Little solid fuel rockets, yeah.
I had chemistry set ingredients that made the solid fuel.
I made time fuse,
burned an inch a minute
so I could get away before it went off.
Next time I've seen
six-year-old boys in Sephora,
I'll know what they're up to.
101 things to do with lipstick tubes.
Okay, I'm sorry.
I was very distracted by that.
I apologize.
It was my fault.
Yeah, okay.
I think I'm back on track.
Okay, go on.
We did get a lot done in reshaping the priorities in NASA,
more investments in the technologies that would be needed to go to Mars.
You know, a lot of people are saying,
why don't we go to Mars tomorrow?
Let's put the money in.
And you know, Neil, as well as I do, that we don't yet have the technologies to send
people to the surface of Mars and bring them back. Of course, there are some who are willing
to take a one-way trip and some others who would be my candidates for a one-way trip.
We have a one-way trip. So you're citing NASA in response to my question about the future.
Is NASA the repository of our future hopes among agencies?
No, it's only one.
It just happens to be a particularly evocative one,
and one that still, by the way, inspires young people
in the way almost nothing else in science does.
At the big science fairs we've had in Washington,
the two exhibits that always
attract the most attention are NASA and robots. Those are the two that really do it, that get kids
going about science and technology. So how do you draw the line between the research you do that
helps invent a future and the research that Congress will tell you you shouldn't be doing
because corporations should be doing that as part of their R&D. Where's that line? It's got to be somewhere in there. Well, there is a fairly
obvious line. In fact, the corporate sector funds more than two-thirds of all the R&D in this
country, but they fund less than half of the basic research, the fundamental research that's a seed
corn from which all the future applied.
The long horizon research.
And the reason the private sector doesn't do that is perfectly understandable.
Time horizon is too long.
The risk is too high.
The return is too uncertain.
And they're not sure that if there's a breakthrough from this basic research,
that they, the corporation that paid for it, will get the benefits.
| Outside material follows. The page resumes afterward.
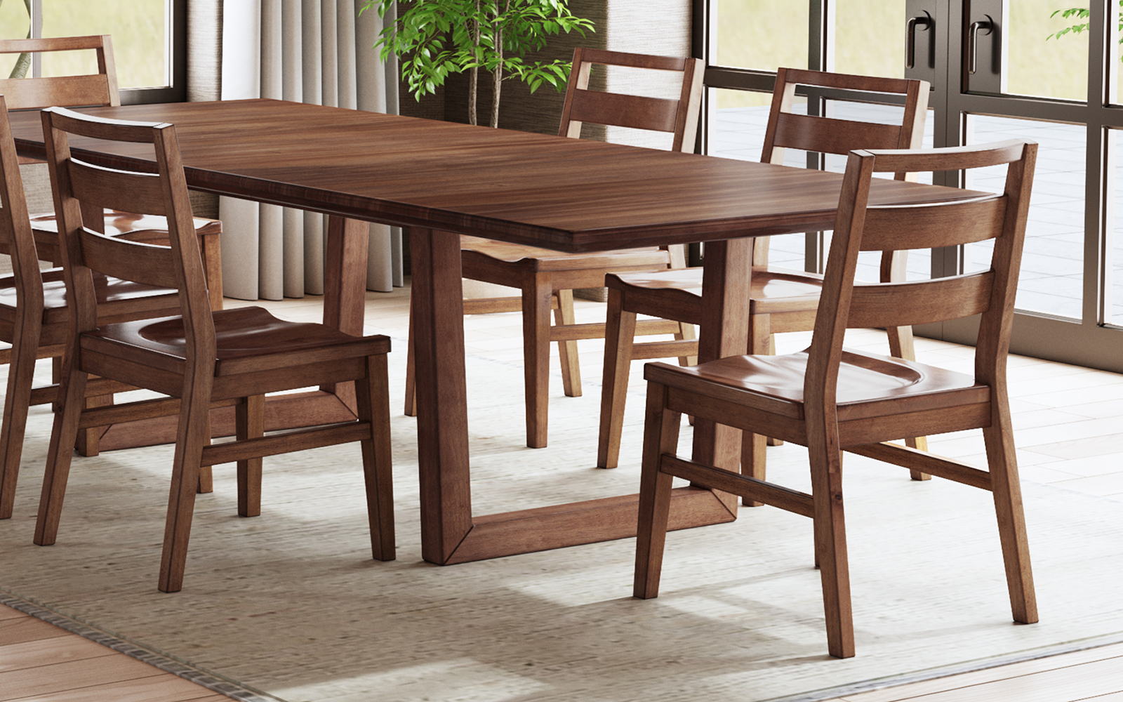 zoom_out_map PreviousNext Ladderback Wood Seat Chair SKU: VOSSA256K Collection: Voss Facebook Twitter LinkedIn Pinterest Details Height: 36 Width: 19.5 Length/Depth: 22.25 Actual Weight: 46.5 Wood Species: Walnut Finish: Sable Wood Tone: Medium Distressing: No Color: Warm Brown Material: Walnut Seat Height: 18.5 Seat Width: More in this Collection Ladderback UPH Seat Chair Ladderback Wood Seat Chair Server Trestle Table

And the result is the government needs to do Congress... The government needs to do it.
The government needs to do that sort of basic research.
It needs to fund it, or it won't get done.
When that happens, Congress stands up and says,
why is taxpayer money being wasted on this research
that has no application to any known thing on Earth?
What are examples of some of this terrible research?
Well, yeah, I'll give you
some. The nature of basic research is you can't tell where it's going to go. Great example,
Charles Townes, who got the Nobel Prize for thinking up the science behind the maser and
then the laser, had no idea when he did that work that 50 years later, lasers would be the way we do eye surgery, cut metal, copy documents, play movies, measure distances.
None of that was obvious at the time the work was done.
We even measured the distance of the moon with lasers.
I think lasers are worth it.
Just my opinion.
Here's another great example.
There was a science project funded by the National Science Foundation many years ago.
It was called the Sex Life of the Screw Worm.
Yeah.
The Screw Worm.
The Sex Life of the Screw Worm.
That's a worm?
That's a real worm?
Real worm.
Guess what it does?
And there was a lot of fun was made of this in the Congress.
I think it got Senator Proxmire's Golden Fleece Award, in fact.
The award given to the greatest waste of taxpayer money.
And the fact is the screwworm was a livestock pest
that did some $100 million worth of damage every year
to the livestock industry in the United States.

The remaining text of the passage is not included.